La corruption et le copinage, la faiblesse des services publics et du leadership national, les irrégularités électorales et l’incapacité du gouvernement à mettre un terme à la violence intercommunautaire et djihadiste ont alimenté la frustration populaire.
Les partis politiques de l’opposition se sont unis pour organiser des manifestations. Mais leur stratégie n’a pas été la voie décisive qui a fait descendre à plusieurs reprises des dizaines de milliers de personnes dans la rue. Ces manifestations de colère sans précédent depuis des décennies sont inédites au Mali. Elles ont maintenant forcé Ibrahim Boubacar Keïta et ses ministres à négocier.
Le véritable acteur de cette mobilisation, la figure qui exerce ce pouvoir d’attraction des foules est un imam, du nom de Mahmoud Dicko.
Il est l’acteur central de ce défi à un président qui semble complaisant et dépourvu d’énergie et d’idées face aux énormes problèmes qui continuent de s’accumuler pour le Mali, malgré la présence de près de 15 000 soldats internationaux et les injections constantes d’aide extérieu
L’imam Dicko n’est pas un novice qui sort d’une vie discrète de direction spirituelle dans cette nation à majorité musulmane.

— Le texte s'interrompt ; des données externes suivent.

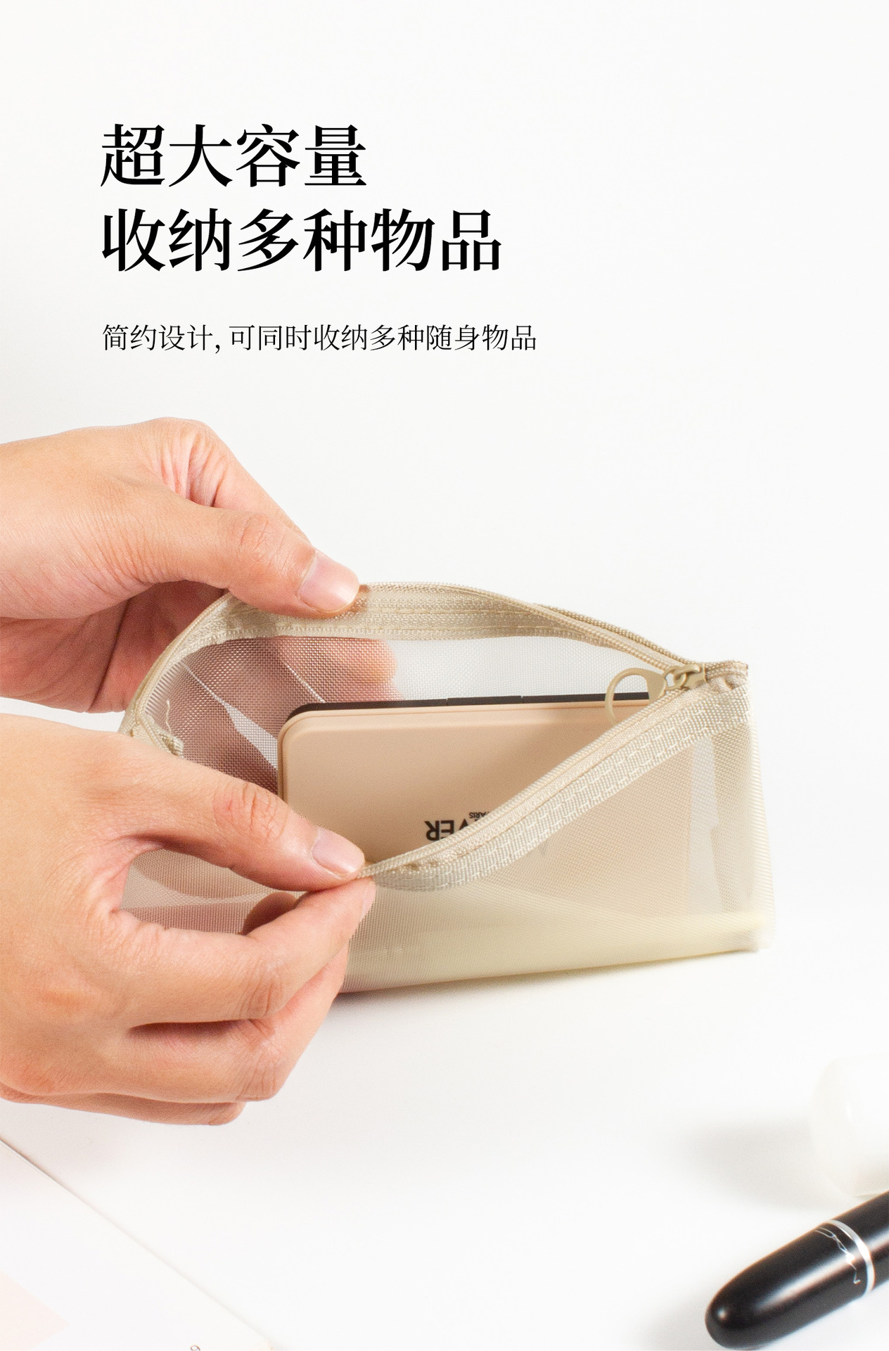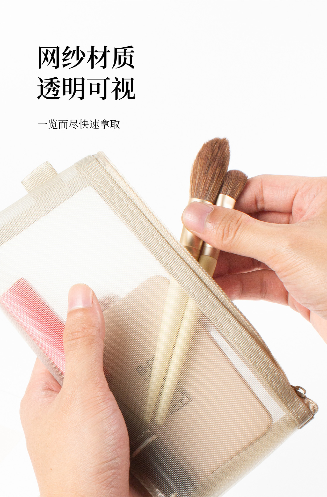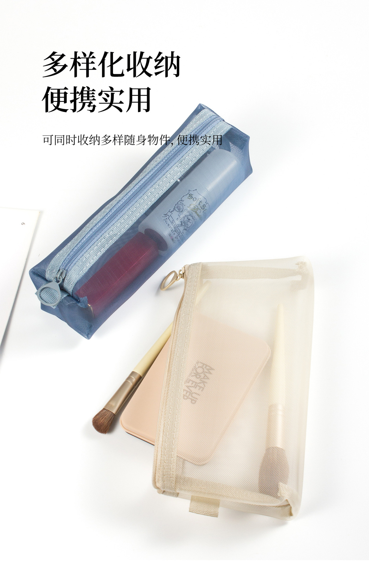 메쉬 화장품 보관 가방 대용량 휴대용 투명 세척 가방 3 차원 나일론 동전 가방 카드 보관 가방
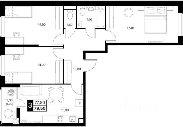 153 800 ₽/м²
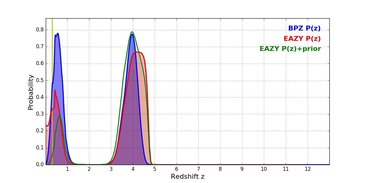 In P(z) plots: Yellow lines mark the cluster redshift z = 0.307,
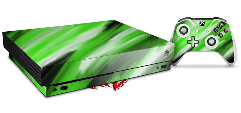 Skin Wrap for XBOX One X Console and Controller Paint Blend Green
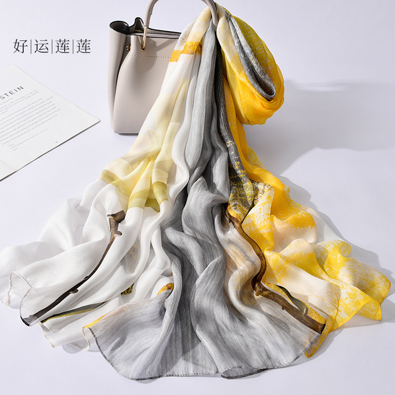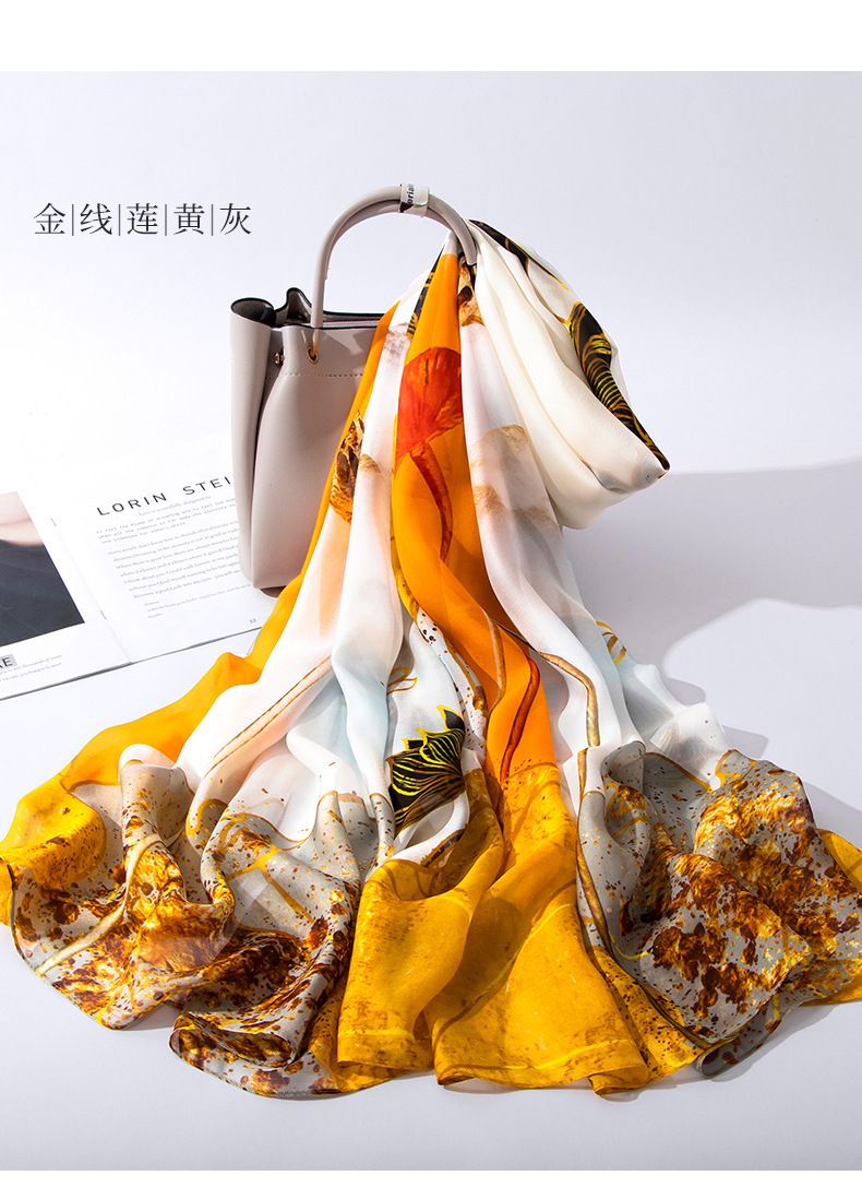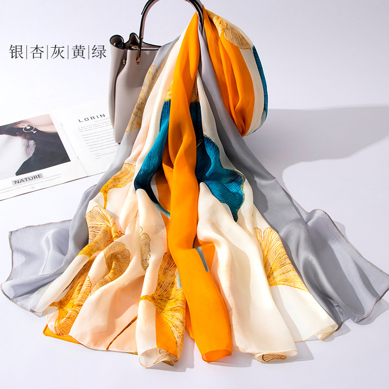 100 실크 스카프 여성 봄과 가을 실크 롱 스카프 2023 새로운 항목 럭셔리 뽕나무 실크 어머니 스카프 선물 상자스토어 가기
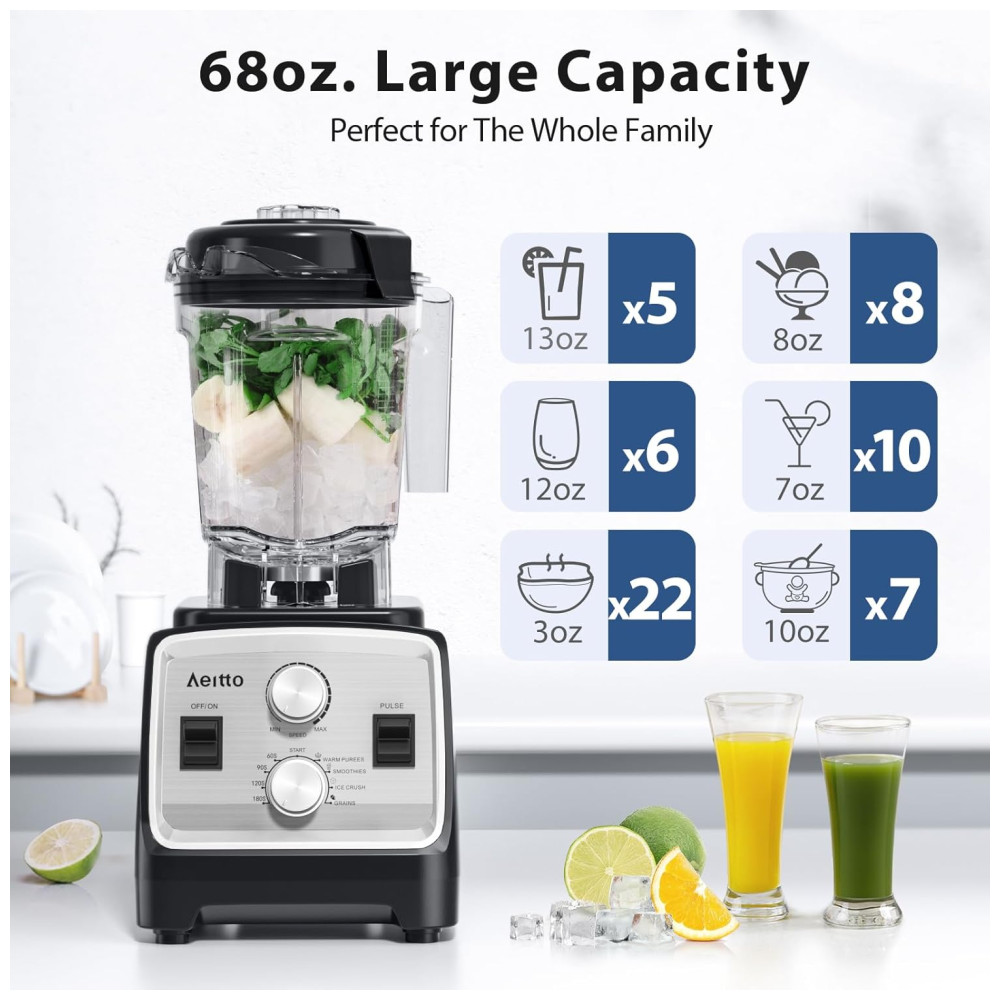 O Liquidificador Aeitto oferece um motor potente de 1800W e incríveis 25.000 RPM para processar rapidamente ingredientes e gelo, criando deliciosas bebidas, smoothies e moendo diversos tipos de pós. Com capacidade extra grande de 2,01 litros, é perfeito para famílias grandes ou jantares para várias pessoas, reduzindo a necessidade de múltiplas operações. Além disso, possui um copo de moagem de 828ml para café, nozes, especiarias e muito mais. Com a função 2 em 1 de liquidificar e moer, você terá um único aparelho para diversas necessidades, economizando dinheiro.Operação simples e intuitiva para tornar o preparo de alimentos mais fácil e divertido.
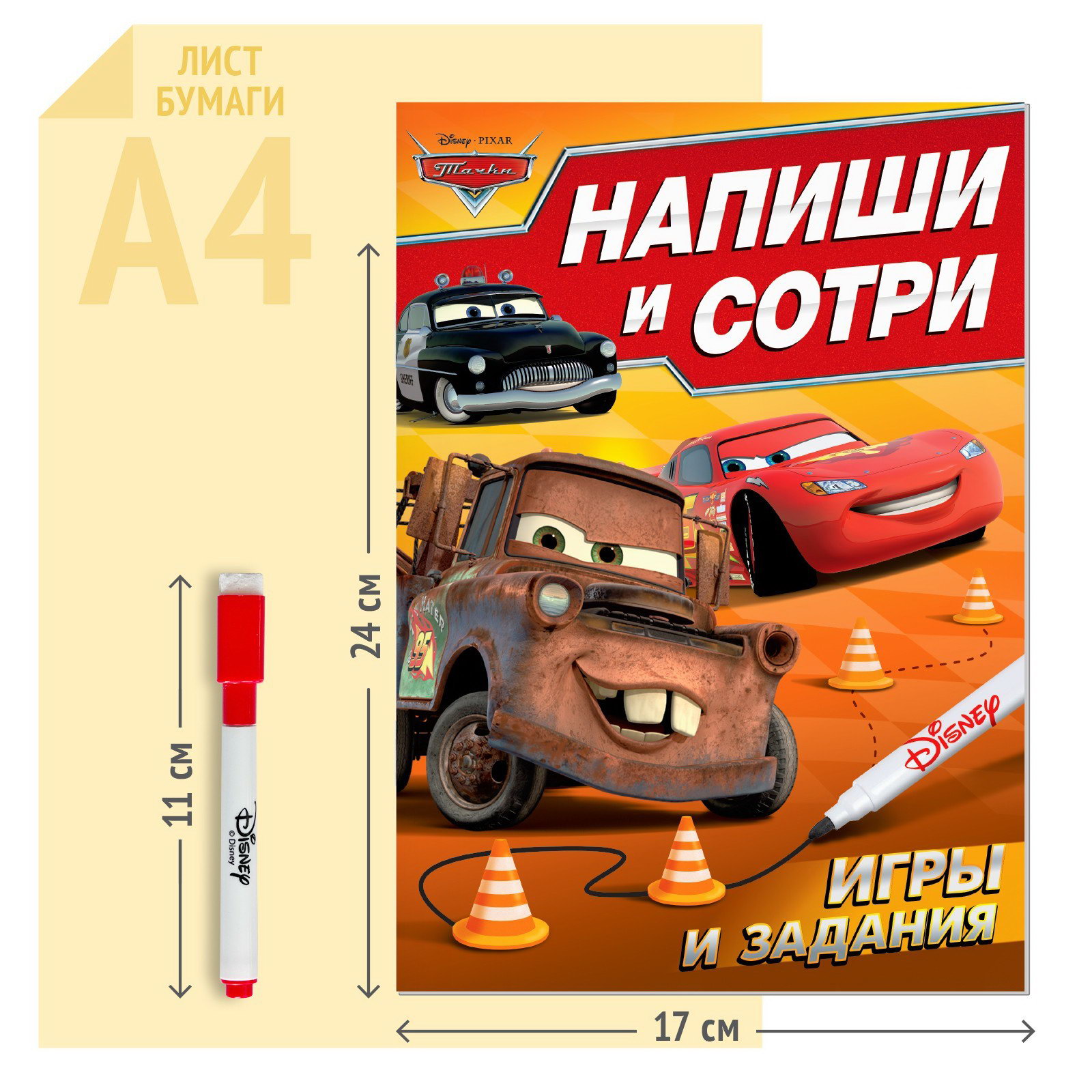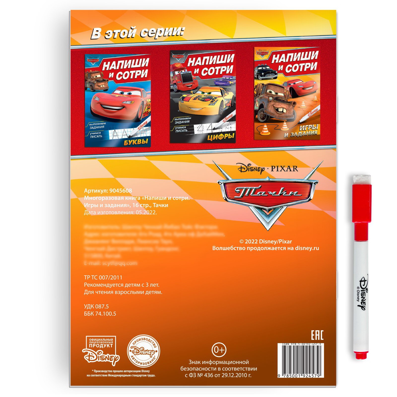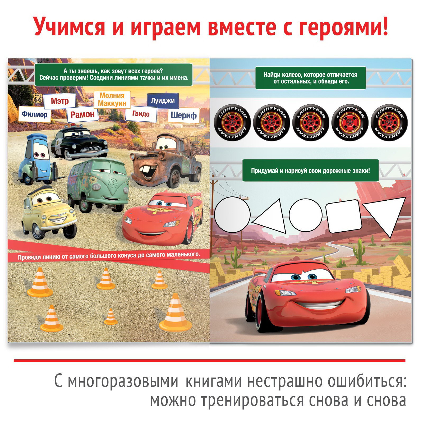 Многоразовая книга "Напиши и сотри. Игры и задания", 16 стр., 17 x 24 см, + маркер, Тачки, 24x17x0.5 см., Disney, Китай

Le pouvoir s’étend à Tombouctou
Il est un acteur majeur de la vie publique depuis au moins une décennie, mais aujourd’hui plus que jamais il démontre son influence. En avril 2019, il a organisé des manifestations qui ont entraîné le limogeage de Soumeylou Boubeye Maïga, alors Premier ministre.
Cette année, la grande manifestation, qui a eu lieu le 5 juin pendant la prière du vendredi, s’est limitée à la capitale Bamako et à Sikasso, une ville du sud du Mali.
Mais deux semaines plus tard, la foule était également présente à Kayes, dans l’ouest, à Ségou, dans le centre-sud, et même dans l’ancienne ville désertique de Tombouctou, aux confins du Sahara. Et le mouvement pouvait s’étendre encore plus loin.
C’est le pouvoir mobilisateur de l’imam Dicko qui a relancé les négociations entre le gouvernement et ses alliés politiques traditionnels.
Mardi, le camp du pouvoir a initié le dialogue avec le M5, l’alliance de l’opposition. Mais deux jours auparavant, ils avaient rencontré l’imam pour la première fois, conscients qu’il a une portée populaire qui peut être décisive.
Révérence pour le mysticisme
Les médiateurs internationaux – de la mission de maintien de la paix de l’ONU au Mali, de l’Union européenne (UE) et de la Communauté économique des États de l’Afrique de l’Ouest (CEDEAO) – ont également pris soin de prendre langue avec l’imam Dicko.
Il s’est fait connaître en 2009 à la tête du Haut Conseil islamique, en dirigeant une campagne de manifestations de masse qui a obligé le président malien de l’époque, Amadou Toumani Touré, à modifier une réforme du droit de la famille qui aurait renforcé les droits des femmes.
Cela a confirmé son rôle de conservateur religieux de premier plan.
Né au milieu des années 50 dans la région de Tombouctou, l’imam Dicko, qui était à l’origine professeur d’arabe, a étudié en Arabie Saoudite et est devenu le chef religieux de la mosquée de Badalabougou, une banlieue verdoyante de Bamako, située au bord du fleuve.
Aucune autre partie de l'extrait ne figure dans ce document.